Former U.S. Rep. Lee Hamilton and former Indiana Chief Justice Randall Shepard led a Tuesday discussion at Indiana University Northwest on the recently published 2015 Indiana Civic Health Index, which measures civic engagement in a variety of areas.

"What we want to do is encourage people to get off the sidelines and enter the arena," Hamilton said.

He highlighted voting, volunteering and engagement with other members of the community on projects to improve the community as areas in need of improvement.

"I'm a little uneasy because I think Hoosiers might be a little less engaged than you and I would want them to be," said Hamilton, now director of the Center on Congress at Indiana University.

He noted a volunteering rate of 26.9 percent, slightly above the national rate of 25.4 percent, but, "I actually thought our volunteering would be better than that," Hamilton said. 

The state ranks 26th in that category, he said.

A low rate of voter registration — "dead last" in the country, Hamilton noted — and a lower-than-average voting rate had the report's leaders significantly concerned.

"I used to think that Hoosiers did a pretty good job of voting," he said. "But I don't think that's true."

"We put a lot of barriers between the citizen and the voting booth," Hamilton commented before suggesting reforms such as election day registration.

But, "the chief reason people don't vote is they're cynical," he said.

The antidote to cynicism is involvement," Hamilton continued. "If a person is involved in their community, they're not going to be cynical."

Civic engagement, including participation in community improvement projects, contacting public officials and attending meetings, and promoting civic education, can also lead to economic benefits, Hamilton said.

Shepard noted Indiana residents have above-average trust in schools, corporations and the media. "I take all three of these to be relatively good news."

He also noted a "very high level of association between people with a higher level of education and proclivity to be civically engaged with fellow citizens."

The Rev. Dwight Gardner, pastor of Trinity Baptist Church in Gary, was among the attendees. He drew attention to the plight of the city's schools.

"I got to feeling that I was reading 'A Tale of Two Cities,'" he said of the Civic Health Index. There's 84 percent confidence in public schools, he noted, "yet I live in a city that has more charter schools than any other city of its size in the nation. And they're all failing."

Shepard said school trust was an area that saw significant differences among urban, suburban and rural residents.

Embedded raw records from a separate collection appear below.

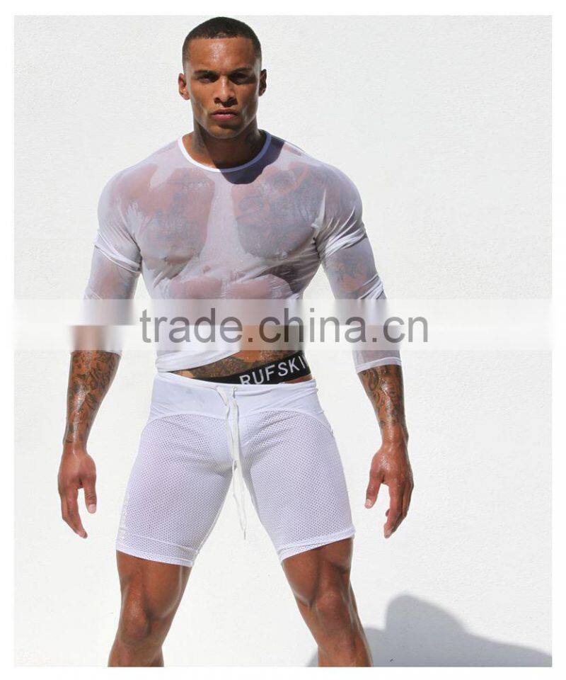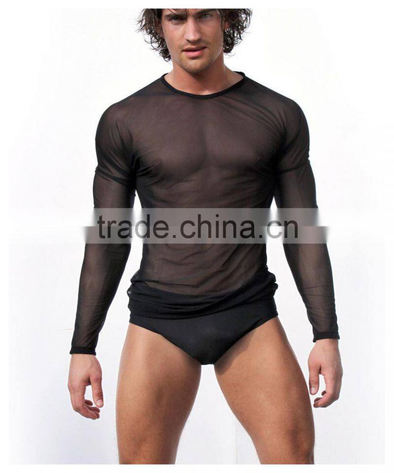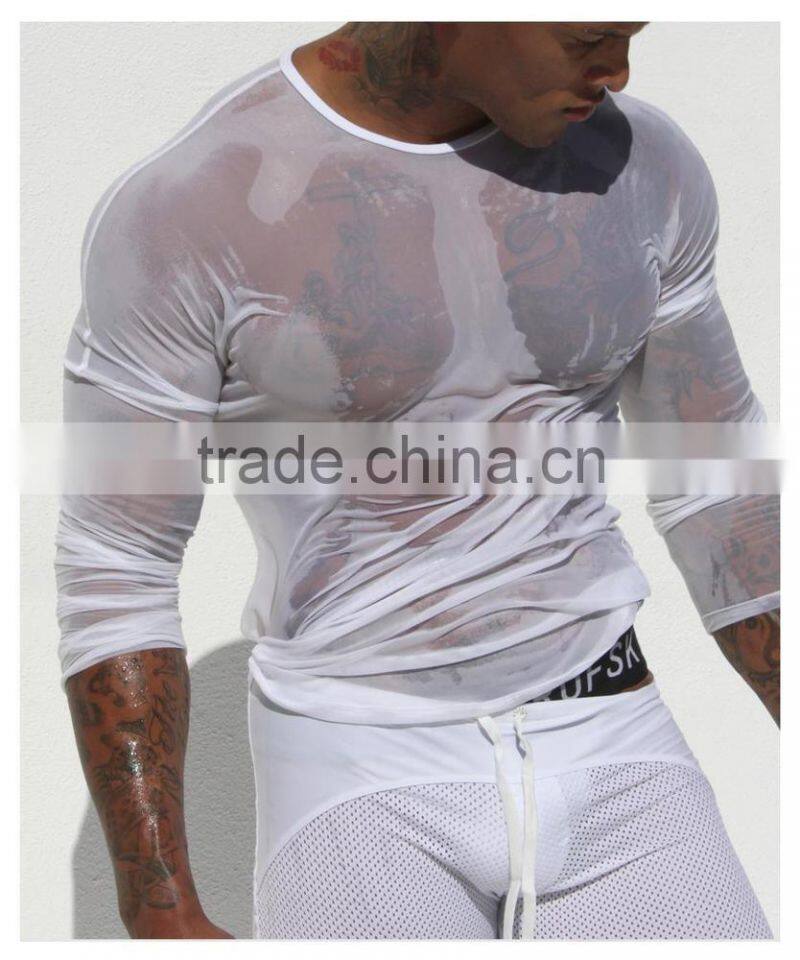 Custom Mens Tops Tee T Shirt Transparent Mesh T-shirt Long Sleeve Undershirt Quick Dry GYM Sport Singlet Clothing ( Not Include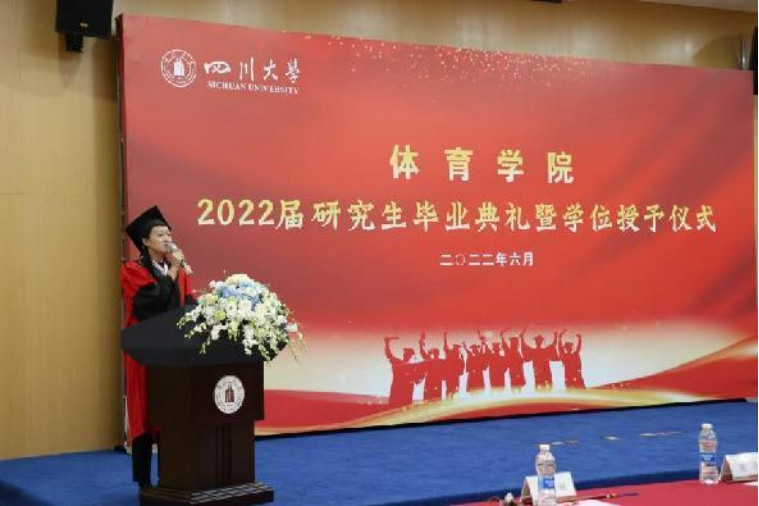 公司毕业研究生代表陈佳琦同学发言。她代表毕业生同学们感谢公司、公司的精心栽培,感谢辛勤付出的老师们。她回顾了自己在川大体院度过的三年美好时光,号召每位川大体育学子在未来能够继续坚守初心,坚定梦想,能以自强不息、强健有为的精神风貌,在人生新征程中大方光彩,在实现中华民族伟大复兴的中国梦征程中奉献青春力量。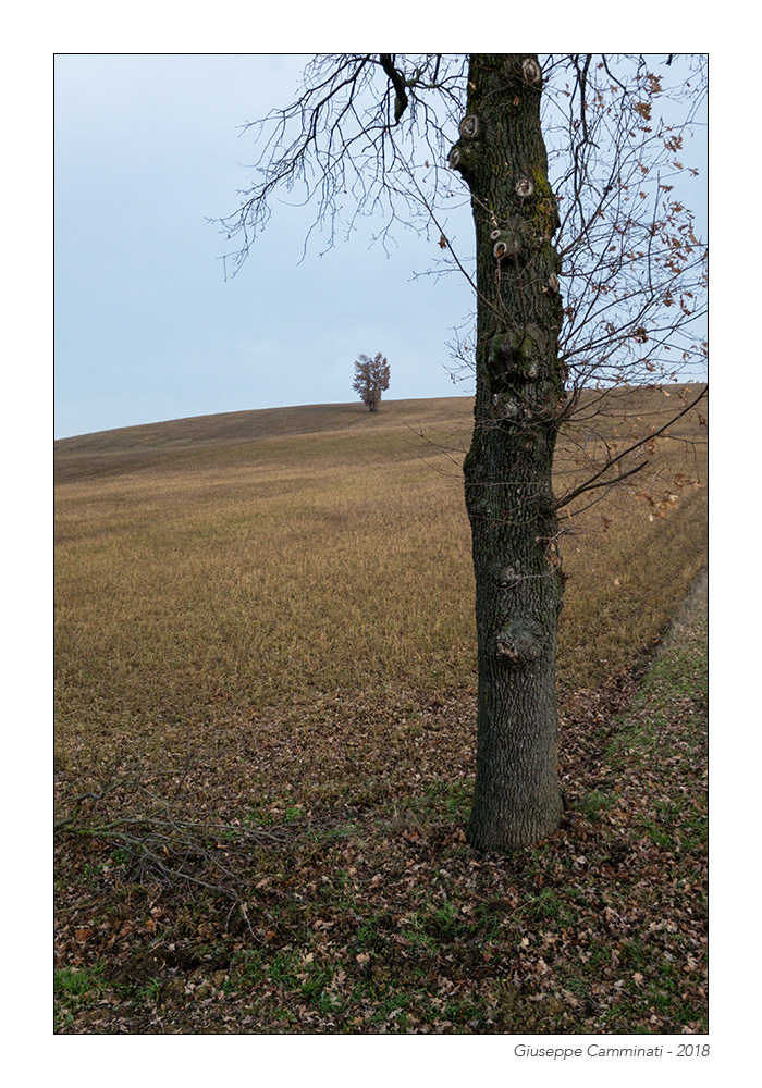 Sembrano davvero darsi la voce nella lontananza, nei vasti spazi scanditi da un cileo omogeneo, di azzurro pallido ,e da una base di foglie cadute che sembrano frusciare piano in sottofondo: ci vuole gusto ,e fantasia, per dar voce( letteralmente), ad una proposa come questa.

The charter school issue isn't the same in rural areas, where they're not economically viable.

"That suggests a need for stronger conversation," he said.

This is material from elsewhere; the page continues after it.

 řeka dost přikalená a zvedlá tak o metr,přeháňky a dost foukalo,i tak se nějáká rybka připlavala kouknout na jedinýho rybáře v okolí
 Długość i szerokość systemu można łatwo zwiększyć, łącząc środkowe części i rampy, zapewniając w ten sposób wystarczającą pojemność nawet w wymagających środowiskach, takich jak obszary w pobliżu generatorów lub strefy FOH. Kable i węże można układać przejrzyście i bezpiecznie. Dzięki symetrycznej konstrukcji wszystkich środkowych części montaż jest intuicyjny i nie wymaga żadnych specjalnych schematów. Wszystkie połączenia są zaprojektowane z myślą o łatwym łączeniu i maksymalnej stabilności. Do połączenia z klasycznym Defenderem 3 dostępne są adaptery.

Gardner also commented on the voting issue, in the context of high unemployment and child poverty: "People who have hope are people who vote."

Charles Dunlap, executive director of the Indiana Bar Foundation, one of the report's sponsors, agreed people can come to feel disenfranchised. 

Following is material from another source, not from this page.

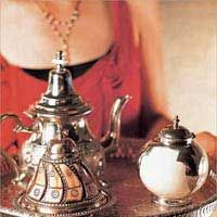 傳統(tǒng)設(shè)計(jì) 鍍銀青銅茶具 傳統(tǒng)設(shè)計(jì)的鍍銀青銅茶壺和托盤(pán),是摩洛哥人飲用傳統(tǒng)的薄荷茶時(shí)經(jīng)常使用的茶具。節(jié)日或任何一個(gè)親朋好友相聚的場(chǎng)合,這樣一套采用傳統(tǒng)工藝制作的茶具一定可以為聚會(huì)增添不少魅力。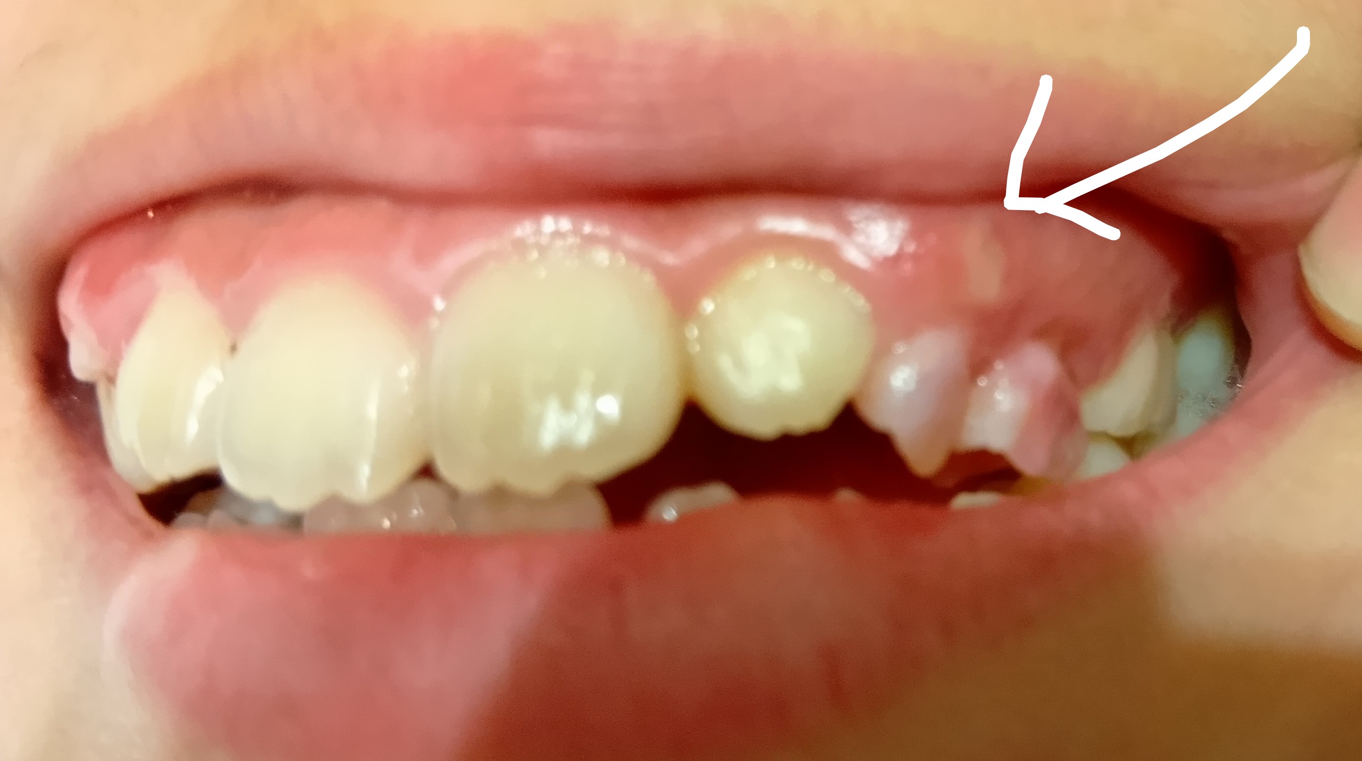 反対側は早々に抜けて永久歯が生えるまで時間があり、こちら側はなかなか抜けないうちに永久歯が見えてきてしまいました。

Low voting can be "a reflection about how people feel about their communities," he said.

Dunlap said a push to raise registration and voting should be a focus of the civic engagement project as it continues.

This year's index is the second one published. In addition to the challenges it presents, it shows Indiana residents are much more engaged with family and religious institutions than their fellow citizens, and have increased their discussion of political issues with family and friends significantly since the first report in 2011.

"You and I have inherited a marvelous state," Hamilton told Tuesday's gathering. "Our job is to make it better for the next generation."